The breadth-first-stateful function takes in three arguments - the initial state to use throughout the search, the initial values to search, and a function that processe each search value with the accumulated state. In this case, the state is the set of nodes already seen, so we don't create a loop, and the initial search is a vector with a single value, being the list of the starting node, representing the path to that point. The processing function checks if the most recently-stored node is the target; if so, it uses done-searching to exit the search, similar to how reduced short-circuits a reduce call. If the function finds a node already seen, it calls the 1-arity keep-searching function with the revised state, which in this case doesn't change at all. And if it's a new node, then it returns the 2-arity keep-searching with the new state (adding the node to the set of nodes already seen) and new values to add to the search space (all paths constructed from adding this node's connections to the existing path). I don't know if I love this way of doing a search, but it is rather declarative so I think it's a win.

The next function, cut, takes in the parsed nodes and the list of connections to sever, and returns the updated nodes without those connections.

(defn cut [nodes connections-to-sever]
  (reduce (fn [acc [node1 node2]] (-> acc (update node1 disj node2) (update node2 disj node1)))
          nodes
          connections-to-sever))

We reduce over the nodes, and for each one we call update on the accumulated map. For each node pair being severed, we disjoint the other node from its set of connected nodes.
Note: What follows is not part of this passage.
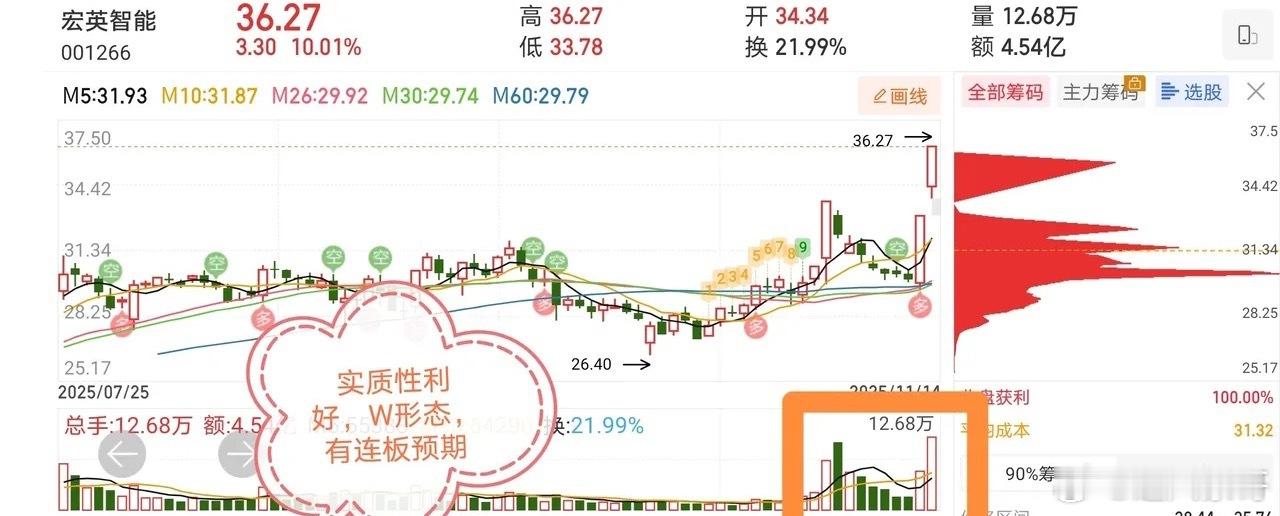 11.16十大价值投资人气热门股票点评1、中国武夷:上涨趋势,谨防回调2、联化科技:弱势封板,高抛低吸3、宁德时代:横盘震荡,低吸为主4、山子高科:下跌趋势,还没有止跌5、中水渔业:趋势上涨,持股拿好6、中国中免:震荡洗盘,低吸机会7、华映科技:强势反转,连板预期8、荣盛发展:上涨趋势,低吸拿好9、大众公用:反弹迹象,不够强势10、华盛锂电:趋势龙头,持股拿稳宏英智能:概念加持:液冷储能+机器人+6.16亿合同+三季报扭亏概念有实质性利好,流通盘小,刚刚拉升,换手连板,有连板预期

Now assuming we've made our cuts, we'll implement group-sizes to see how many groups of connect nodes exist in total. If it returns a single-element list, then the nodes were not partitioned as desired. If it returns a multi-element list, then we're all set.

(defn group-sizes [nodes]
  (let [all-keys (set (keys nodes))
        first-key (first all-keys)]
    (loop [checking #{first-key}, in-group #{first-key}, out-group (disj all-keys first-key)]
      (if-some [k (first checking)]
        (let [removing (filter out-group (nodes k))]
          (recur (apply conj (disj checking k) removing)
                 (apply conj in-group removing)
                 (set/difference out-group (nodes k))))
        (keep #(when (seq %) (count %)) [in-group out-group])))))
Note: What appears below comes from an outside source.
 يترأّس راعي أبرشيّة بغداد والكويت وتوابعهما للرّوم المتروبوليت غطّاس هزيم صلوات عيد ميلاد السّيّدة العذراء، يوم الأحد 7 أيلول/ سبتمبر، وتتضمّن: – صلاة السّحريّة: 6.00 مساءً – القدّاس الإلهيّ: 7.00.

This function does a loop-recur by selecting an initial key to check, putting it into the in-group, and leaving all other nodes in the out-group. Then for each node it sees, it removes it from the out-group and inserts it into the in-group, adding all other connected nodes to the search space. When the list of nodes to check is complete, it returns the sizes of the in- and out-groups.
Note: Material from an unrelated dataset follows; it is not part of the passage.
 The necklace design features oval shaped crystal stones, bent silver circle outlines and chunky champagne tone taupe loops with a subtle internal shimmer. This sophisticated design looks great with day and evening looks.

Finally, we can implement the part1 function. As I don't honestly understand what's going on, I didn't try to make this all that pretty.

(defn part1 [input]
  (let [nodes (parse-input input)]
    (->> (unique-combinations (take 10 (keys nodes)))
         (map (fn [[a b]] (shortest-path-to nodes a b)))
         (mapcat (fn [path] (map #(sort-by first %) (partition 2 1 path))))
         (frequencies)
         (sort-by (comp - second))
         (take 35)
         (map first)
         (cut nodes)
         (group-sizes)
         (apply *))))

Let's just walk through what's going on. After parsing the input nodes, we pick 10 random nodes from (take 10 (keys nodes)) and search for the unique combinations of values; this is a utility function I created which returns all unique combinations of n-length (defaults to 2) from an input collection. Then for each pair of nodes, it finds the shortest path between them, and then mapcats each component from the path by calling (partition 2 1 path), sorting each pair alphabetically so that the segment (a b) and (b a) get counted as the same. Now that we have every path segment for all tested connections, frequencies tells us how often each segment was used. We sort them in decreasing order of each frequency, take the 35 most common, and use (map first) to keep the connections and throw away the frequencies. Then (cut nodes connections) severs those connections from the nodes, group-sizes counts how large each group is, and (apply *) multiplies them together to get our answer.

It's an awful solution for a difficult last puzzle for the season, but it's done and that's 50 stars.